Net Stocks Out in Front

Amazon.com and eBay blow investors away with their latest results ... and light a fire beneath other Net shares. The rest of the market struggles to keep pace. By David Lazarus.

Internet stocks came charging out of the gate Wednesday after Amazon.com and eBay posted better than expected results for the latest quarter. But the broader market was finding it hard to keep pace as investors opted to play it safe and cash in on some of the gains from Tuesday's hefty advance.

The Dow Jones Industrial Average shed 28.06 points to 9296.52 in mid-afternoon trading. The Nasdaq Composite Index rose 14.49 to 2447.90, and the S&P 500 was up 3.22 at 1255.53.

Amazon (AMZN) climbed 14 percent to US$131.25 after saying its loss for the fourth quarter wasn't quite as bad as people had feared -- 14 cents a share versus the predicted 18 cents. No matter how much money this company bleeds, investors remain convinced that the game is still Amazon's to lose, and are determined to stick with the stock until they're proven right ... no matter how long this might take.

"It's scary -- it's absolutely scary," said Brian Oakes, an analyst with Lehman Brothers. "Anything that's a high-growth stock is scary. But don't let profit stop you. This is a market that chases growth, and the greatest growth is in the Internet."

You want growth? Try eBay (EBAY) on for size. The online auctioneer soared 37 percent to $303 after whipping the Street's estimates with a 700 percent increase in quarterly profit to 7 cents a share, plus a three-for-one stock split. Never mind the nagging complaints from users about frequent breakdowns, and never mind a confirmation from New York City officials that they are indeed probing the company for alleged consumer fraud -- look instead at the stats.

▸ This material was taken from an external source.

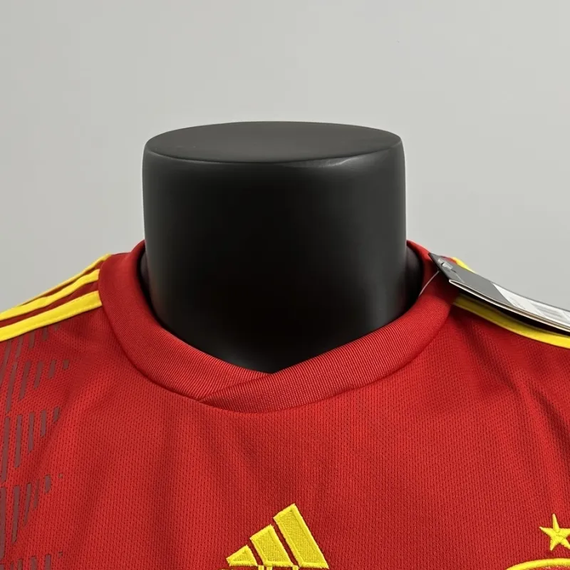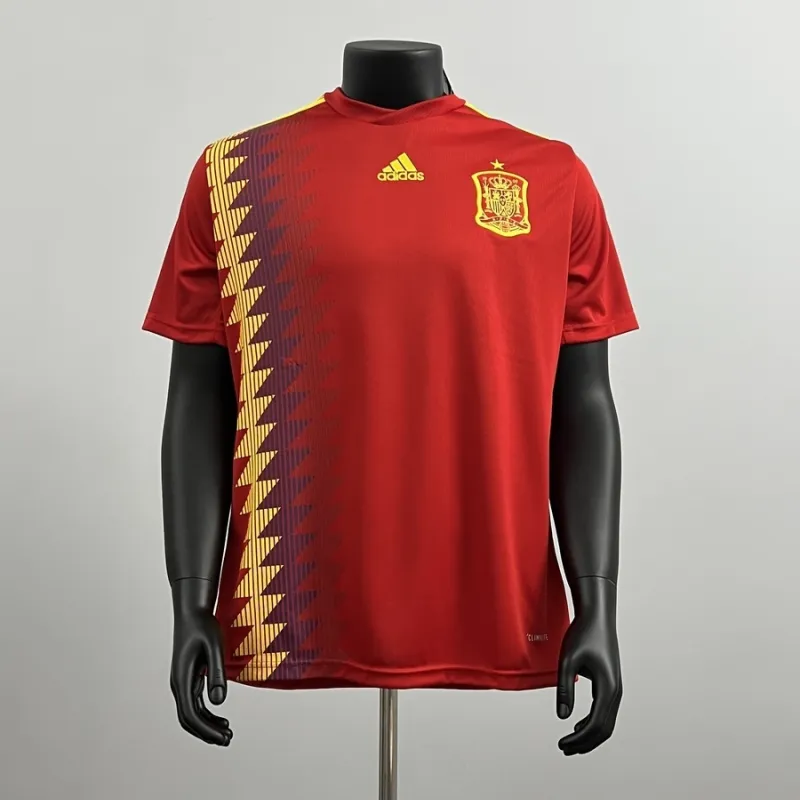 This iconic home kit features the distinctive red and yellow colors that make the Spanish national team instantly recognizable on the pitch. The design pays homage to a memorable period, featuring a traditional collar and the celebrated team badge, meticulously recreated to capture every detail of the original.

EBay said its number of registered users nearly doubled as of last month to 2.1 million, and that the total value of goodies sold at its site reached more than $300 million over the last three months, up 57 percent from the previous quarter. The more than 600 percent hike in revenues prompted Donaldson, Lufkin & Jenrette to raise its 12-month price target for eBay's stock to a whopping $360.

Expensive? You bet. "Buy eBay and enjoy the ride," DLJ analyst Jamie Kiggen said in a note to clients. They might want to check their seat belts and air bags first.

Yahoo (YHOO) gained $14.06 to $365.31, after bringing local versions of its service to Singapore, Taiwan, and Hong Kong. Yahoo now boasts 18 separate properties worldwide. Meanwhile, America Online (AOL) was up $8.88 at $163.88 ahead of reporting its own quarterly results after the closing bell. Profit of at least 14 cents a share is anticipated.

Compaq Computer (CPQ) slipped 50 cents to $48.75 after DLJ downgraded the company's stock to "buy" from "top pick." Although Compaq handily beat estimates with quarterly profit of 43 cents a diluted share, the busy brokerage appears to be wary of how much momentum Compaq can bring to future computer sales.

In telecom, Bell Atlantic (BEL) rose 94 cents to $56.50 after posting a 13 percent increase in quarterly net income to 65 cents a diluted share. AT&T (T) was up 56 cents at $87.44, as it unveiled a new service offering customers a flat rate and a single monthly bill for long-distance and wireless calls. Expect more such conveniences in months ahead as AT&T completes its acquisition of cable giant Tele-Communications Inc.

Sony (SNE) advanced 81 cents to $70.56 after saying its group net profit was up in the latest quarter, even though the sky-high yen blasted a hole in the company's operating profit. Considering the current state of Japan's anemic economy, it's a wonder that Sony is keeping its head above water, let alone paying its bills.

Lastly, Disney (DIS) fell 63 cents to $33.94 after reporting an 18 percent drop in quarterly profit to 30 cents a share. And this amount was bolstered by a one-time "benefit" resulting from Team Mickey's purchase of a 43 percent stake in Infoseek. Without that little bit of fiscal largesse, the company's profit would have been 23 cents a share, or a penny less than analysts were expecting.